The field-school will use a community-based approach and participants will receive six university-level credits from UNBC. 

"They will learn about Dane-zaa cultural history from local Knowledge Keepers as well as: hands-on training in field-testing and excavation methods in a research setting, archaeological science analysis, and skills that are applicable in Cultural Resource Management," explains a Facebook post. 

Funding may be available to support program fees for indigenous participants, adds the post, and the society can be contacted for more information. The last field school was hosted in May 2022, the first new dig at the site in over 30 years. 

During the 2022 dig, UNBC students and community members from local First Nations discovered flakes of stone tools, picking up where Simon Fraser University professor and bone expert Dr.

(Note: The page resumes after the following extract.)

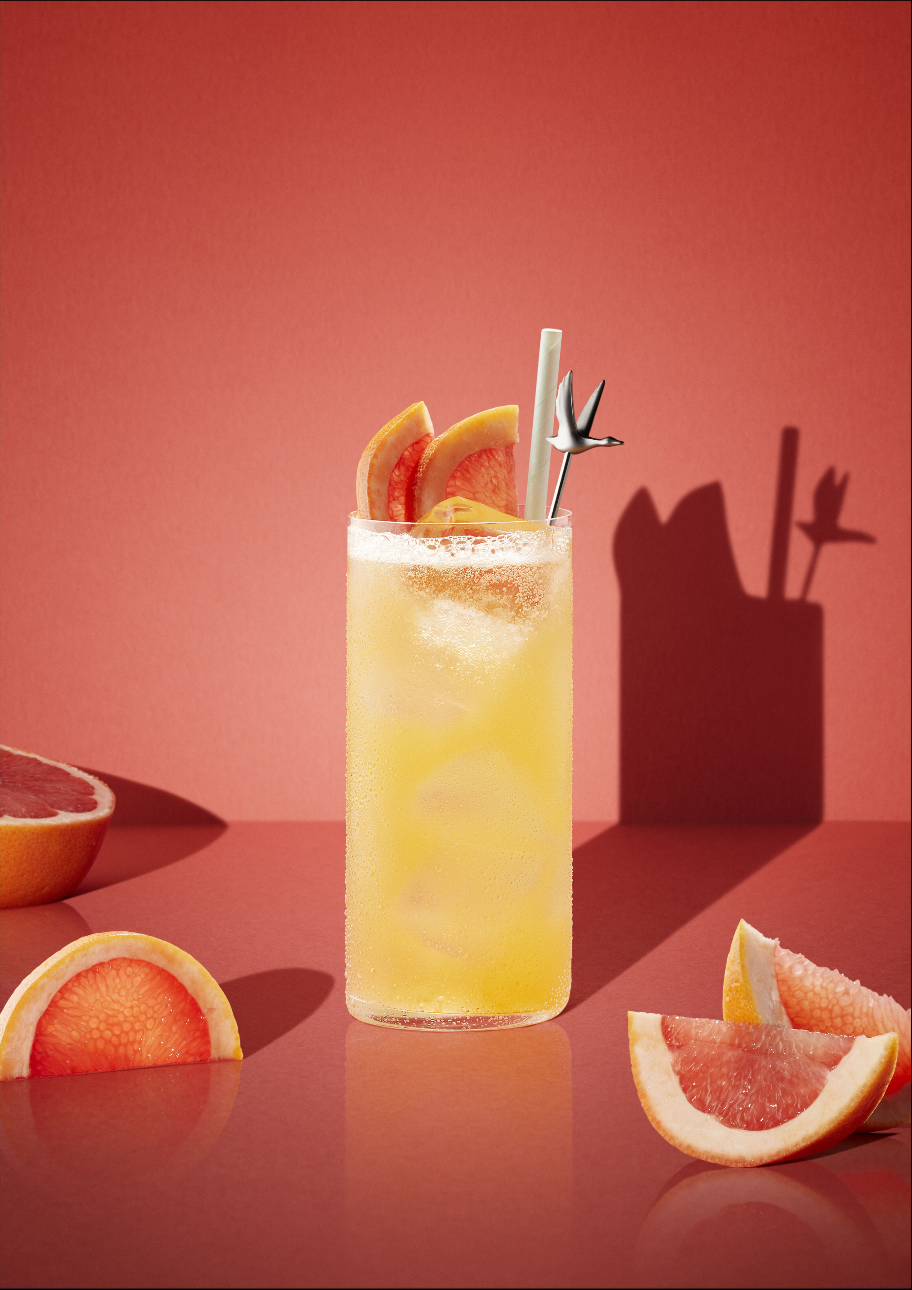 - Voeg de ingrediënten toe aan een longdrink of wijnglas.

Jon Driver left off in the 1990s, who also took part in the field school. 

In 2022, Driver told the Alaska Highway News that they’ve only scratched the surface of the cave’s scientific potential and was pleased to see the site in the hands of Doig River, Prophet River and West Moberly First Nations, who purchased it in 2012. 

“What I find so great is that the site’s protected, the three nations got together, they bought the land, they now own the site that’s incredibly important for their history, and they control what goes on here,” he said. “And so this can be a centrepiece for talking about their traditional knowledge, their culture, their history, and passing that on not just for their communities, but also for the broader public.”

“You’ve got one of the most critically important scientific sites in Canada here, it’s incredible. I think that will sink in as the interpretative side of this develops,” said Driver.